The spread of that katydid’s wings in flight reminded me of another recent observation. I have taken opportunities to watch a few Texas bush katydids singing, and have been struck by how much the wings flip out to the sides, especially when compared to the more subtle vibrations of singing meadow katydids. I suspect I may be onto what made the Texas bush katydid I observed at Pratts Wayne Woods have such a slurred short-song, with a quality reminiscent of the broad-winged bush katydid’s corresponding advertisement. Here’s another shot of the Pratts Wayne katydid.

It’s missing a wing tip, and there also was scarring near the base of the left forewing. Such damage may well have caused the dramatically flipping wings to sound abnormal when rubbing together to produce the song. The typical crispness that would come from, say, this undamaged conspecific I saw in the dolomite prairie at Waterfall Glen, is compromised.

By the same token, the broad-winged bush katydid’s wings are shorter and wider, and might be expected to flop around more, so that the slurring typical of that species’ short song results. Experimental manipulations suggest themselves, but I’m not interested in captive studies at present.

Pratts Wayne Woods

by Carl Strang

Pratts Wayne Woods is the largest of DuPage County’s forest preserves. While its 3500 acres have much to offer, the target of my most recent visit was the Brewster Creek Marsh. I had a couple species of meadow katydids in mind that I especially hoped to find there. The part of that marsh I was surveying was adjacent to a dry area where there are high-level equestrian jumping competitions. As I passed through part of that meadow I heard a bush cricket’s short song. It took some minutes to find him, as he took advantage of the light wind moving his perch to keep an edge toward me.

His song was a little ambiguous. I have come to think of the broad-winged bush katydid’s short song as sounding blurred, run together, and composed of more than 3 syllables. The Texas bush katydid usually has a three-syllable short song that sounds, to my ear, crisp and articulated: dig-a-dig!

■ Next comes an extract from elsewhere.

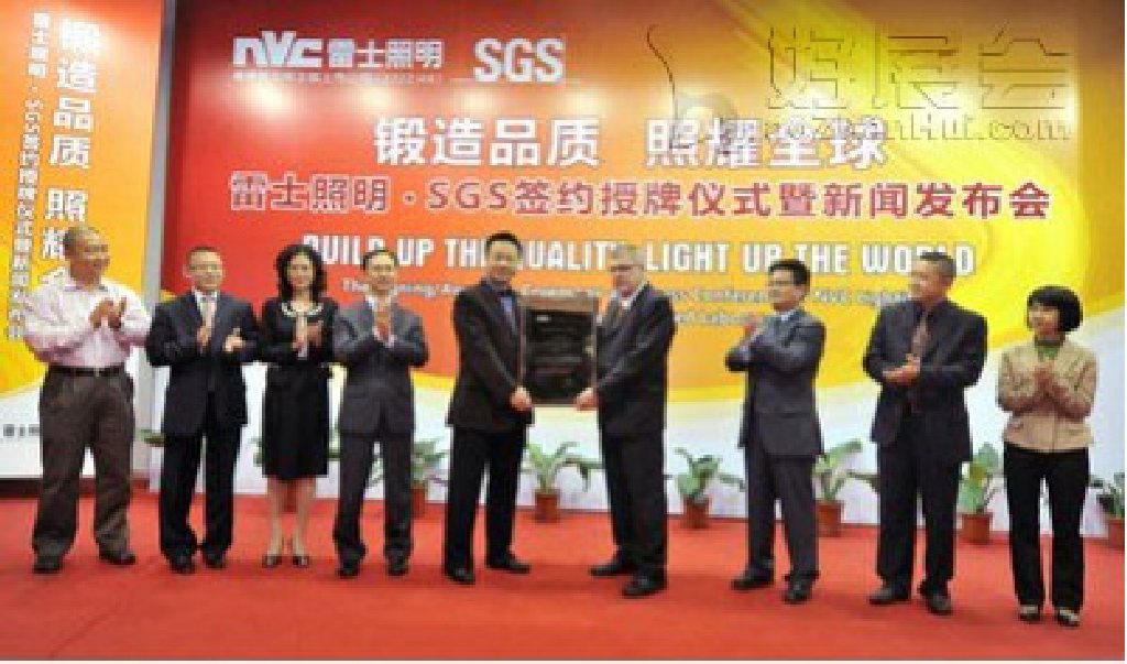 2011年12月7日,中國最大照明企業雷士照明(2222.HK)與全球最大、國際領先的檢驗、鑒定、測試和認證機構 – SGS 通標標準技術服務有限公司(下簡稱“SGS”),在廣東惠州雷士工業園隆重舉行“雷士照明·SGS 簽約授牌儀式暨新聞發布會”。雷士照明集團檢測中心正式獲得 SGS 授牌認可,是中國第一家獲得 SGS 認可的照明企業實驗室,同時也是獲其認可中規模最大的企業實驗室。該認可的獲得,為雷士照明的產品在海外銷售與市場擴張提供了強大的品質與認證保障,對于立志“創世界品牌”的雷士照明無疑是一大利好消息,同時將提升國內照明行業企業在國際市場上的綜合競爭力。

I needed to take the time to find this individual because his short song had 3 syllables but sounded slurred together.

The wing proportions alone say Texas bush katydid, but to be sure I caught him and photographed his tail plate, confirming the ID. Now it seems I will have to find a few more and confirm that it’s the syllable count rather than the crispness that matters in separating these two species. Soon thereafter I found myself in a wet area dense with tall sedges in northern Brewster Creek Marsh.

It was disappointing, however. There was essentially nothing to be found out in the sedge area, and just a few black-legged and short-winged meadow katydids singing along the edge. I moved west to a grassy area at the edge of a large pond. As I stepped out of the woods into that grass I caught a flash of golden brown as a slender jumper got out of my way. My immediate hope was fulfilled when a close look proved the insect to be one of my target species, a male black-sided meadow katydid.

This was the best photo I got of a male. The abdomen is mainly a shiny black in color. I saw several males, and also a female.

She easily is the most colorful small meadow katydid I have seen, and would vie with the male black-leg (a large meadow katydid) as the local show winners for subfamily Conocephalinae.